(Dataset records)

───

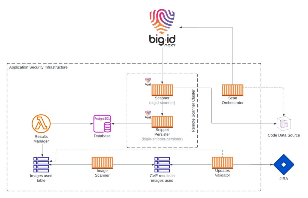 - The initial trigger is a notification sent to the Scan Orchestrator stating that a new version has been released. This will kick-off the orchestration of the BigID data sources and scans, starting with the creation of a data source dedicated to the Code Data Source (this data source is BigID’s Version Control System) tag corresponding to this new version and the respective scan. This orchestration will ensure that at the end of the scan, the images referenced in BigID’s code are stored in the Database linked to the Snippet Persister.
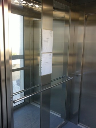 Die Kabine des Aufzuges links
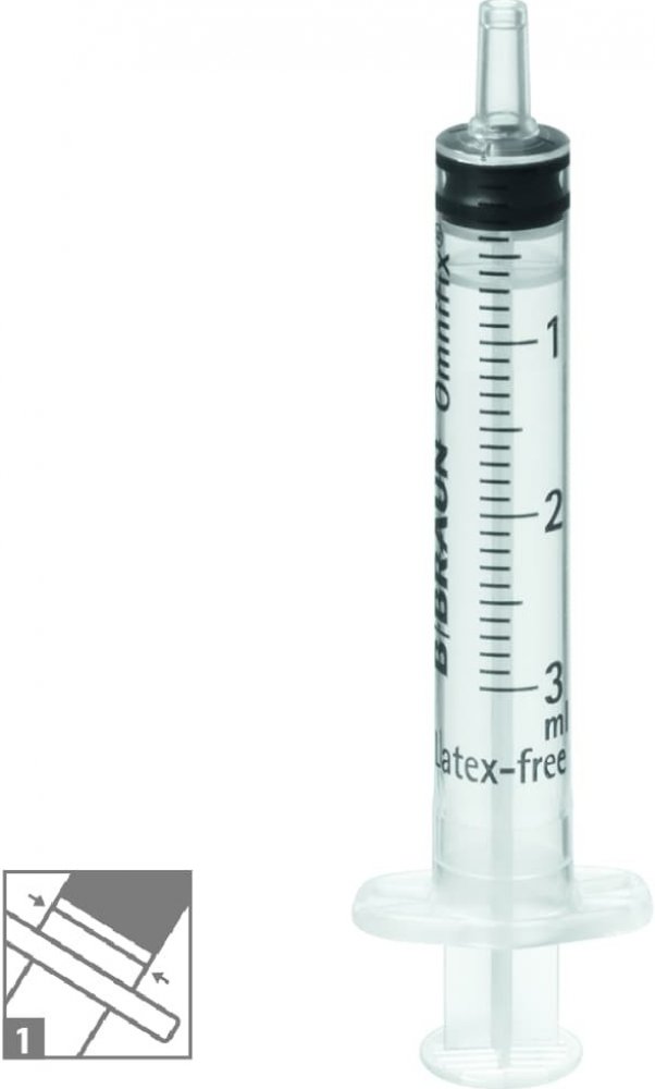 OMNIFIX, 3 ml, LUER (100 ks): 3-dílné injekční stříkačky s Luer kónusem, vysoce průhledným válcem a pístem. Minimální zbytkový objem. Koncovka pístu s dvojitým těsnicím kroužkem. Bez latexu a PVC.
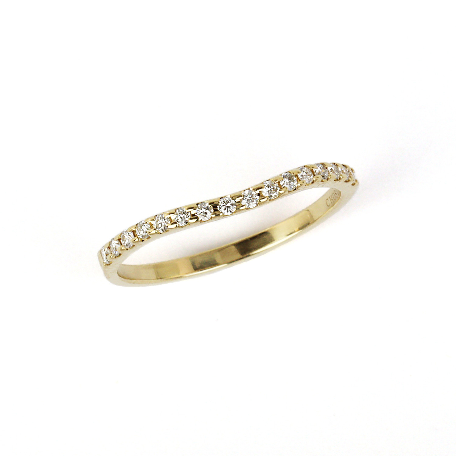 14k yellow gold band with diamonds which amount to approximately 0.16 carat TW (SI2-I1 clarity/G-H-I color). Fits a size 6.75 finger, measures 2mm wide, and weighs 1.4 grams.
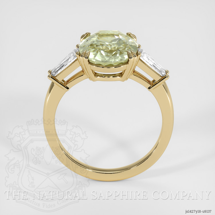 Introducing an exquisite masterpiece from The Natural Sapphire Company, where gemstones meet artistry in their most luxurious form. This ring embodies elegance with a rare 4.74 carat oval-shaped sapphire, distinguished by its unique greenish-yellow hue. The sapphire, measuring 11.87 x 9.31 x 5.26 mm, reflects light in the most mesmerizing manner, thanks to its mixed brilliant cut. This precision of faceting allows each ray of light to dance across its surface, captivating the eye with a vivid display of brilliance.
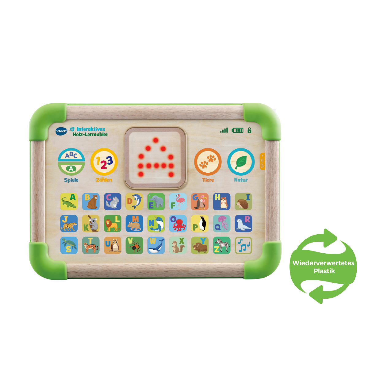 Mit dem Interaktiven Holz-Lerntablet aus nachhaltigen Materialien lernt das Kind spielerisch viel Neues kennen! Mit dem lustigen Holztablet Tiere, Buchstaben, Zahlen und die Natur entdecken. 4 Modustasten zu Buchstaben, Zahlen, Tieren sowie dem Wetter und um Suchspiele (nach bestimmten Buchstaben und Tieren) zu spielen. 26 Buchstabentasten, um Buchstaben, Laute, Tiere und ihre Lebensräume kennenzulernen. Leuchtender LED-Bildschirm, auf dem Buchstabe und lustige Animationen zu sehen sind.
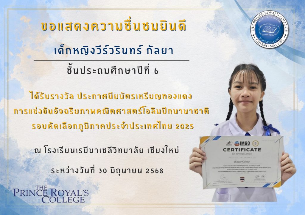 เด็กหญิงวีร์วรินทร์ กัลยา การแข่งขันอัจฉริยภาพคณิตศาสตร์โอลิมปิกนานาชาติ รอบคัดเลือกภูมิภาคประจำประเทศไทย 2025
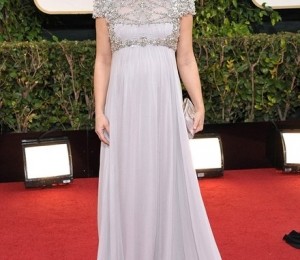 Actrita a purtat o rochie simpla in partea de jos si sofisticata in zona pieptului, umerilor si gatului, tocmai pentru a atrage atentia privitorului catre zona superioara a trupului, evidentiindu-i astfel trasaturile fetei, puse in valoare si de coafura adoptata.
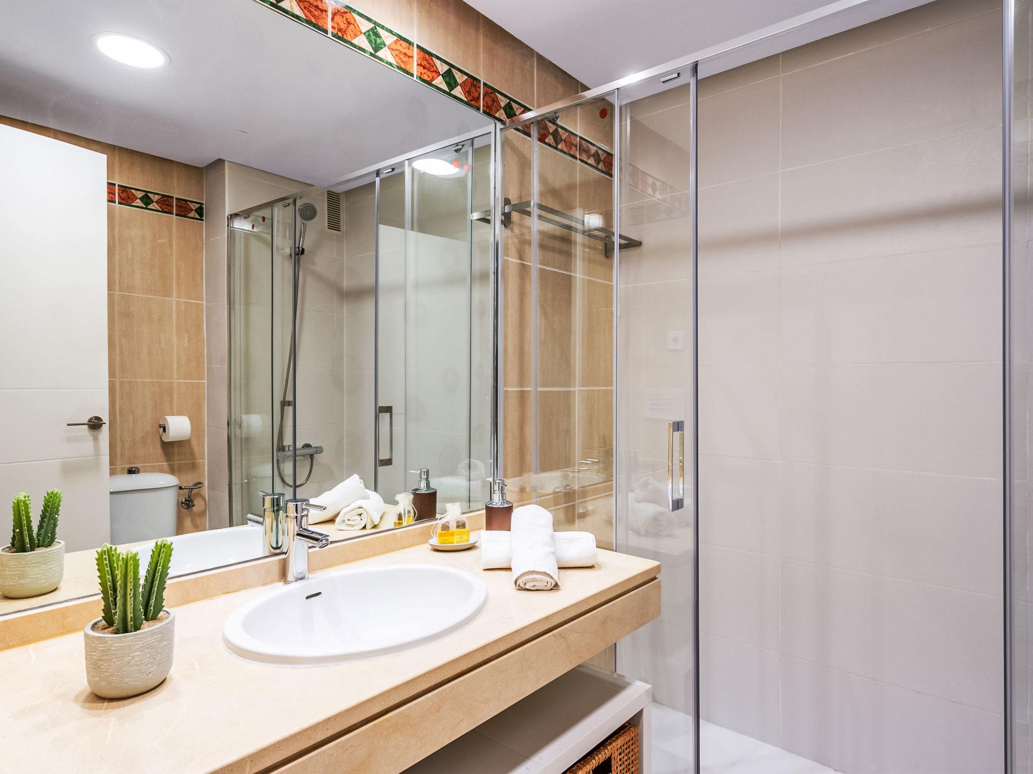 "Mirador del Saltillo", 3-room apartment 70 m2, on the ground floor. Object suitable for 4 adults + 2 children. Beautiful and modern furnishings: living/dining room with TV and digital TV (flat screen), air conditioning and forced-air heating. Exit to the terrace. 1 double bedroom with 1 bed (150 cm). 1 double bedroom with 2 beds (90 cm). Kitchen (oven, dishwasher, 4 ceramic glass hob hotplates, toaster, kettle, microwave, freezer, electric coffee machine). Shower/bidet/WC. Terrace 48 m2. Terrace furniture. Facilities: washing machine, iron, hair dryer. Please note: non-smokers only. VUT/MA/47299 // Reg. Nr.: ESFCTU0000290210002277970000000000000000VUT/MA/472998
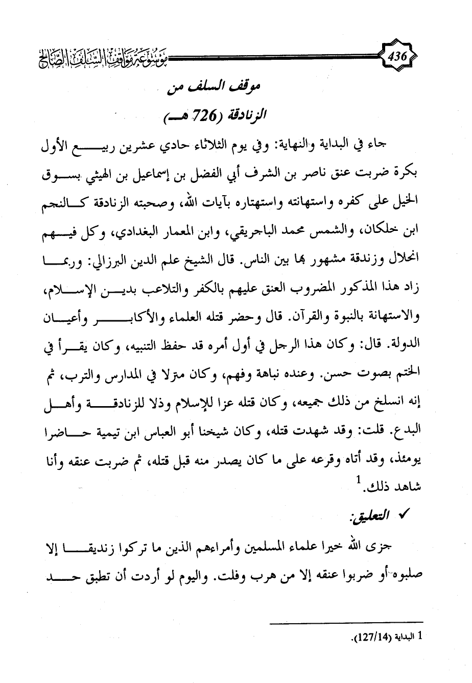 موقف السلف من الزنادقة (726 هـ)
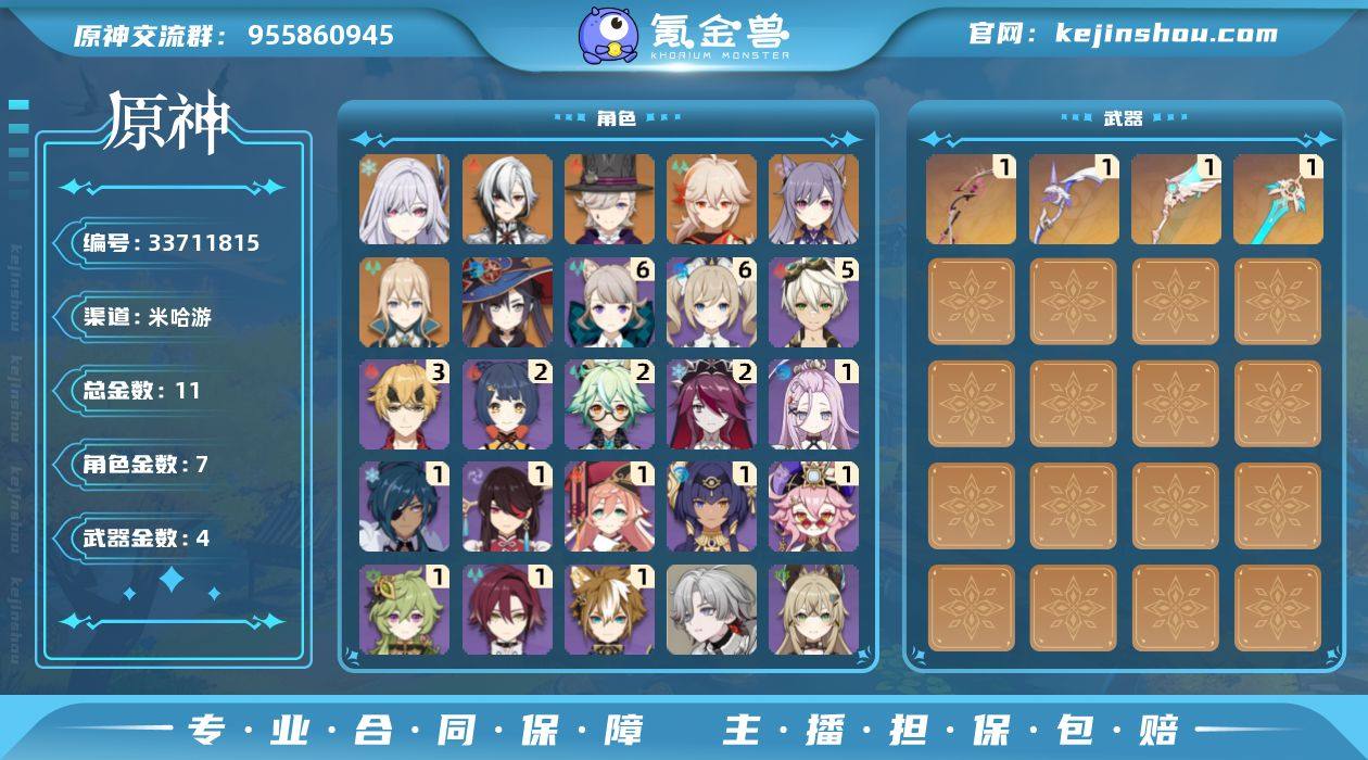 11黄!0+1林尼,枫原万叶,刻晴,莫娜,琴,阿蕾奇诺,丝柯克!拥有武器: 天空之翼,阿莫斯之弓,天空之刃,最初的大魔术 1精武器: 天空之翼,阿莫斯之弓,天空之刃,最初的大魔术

───

## EXERCISE REQUIREMENTS:
Above are the records. Copy only the lines from the one with "Die Kabine des Aufzuges links" through the one with "14k yellow gold", exactly, with no pictures.

## YOUR RESPONSE:
 Die Kabine des Aufzuges links
 OMNIFIX, 3 ml, LUER (100 ks): 3-dílné injekční stříkačky s Luer kónusem, vysoce průhledným válcem a pístem. Minimální zbytkový objem. Koncovka pístu s dvojitým těsnicím kroužkem. Bez latexu a PVC.
 14k yellow gold band with diamonds which amount to approximately 0.16 carat TW (SI2-I1 clarity/G-H-I color). Fits a size 6.75 finger, measures 2mm wide, and weighs 1.4 grams.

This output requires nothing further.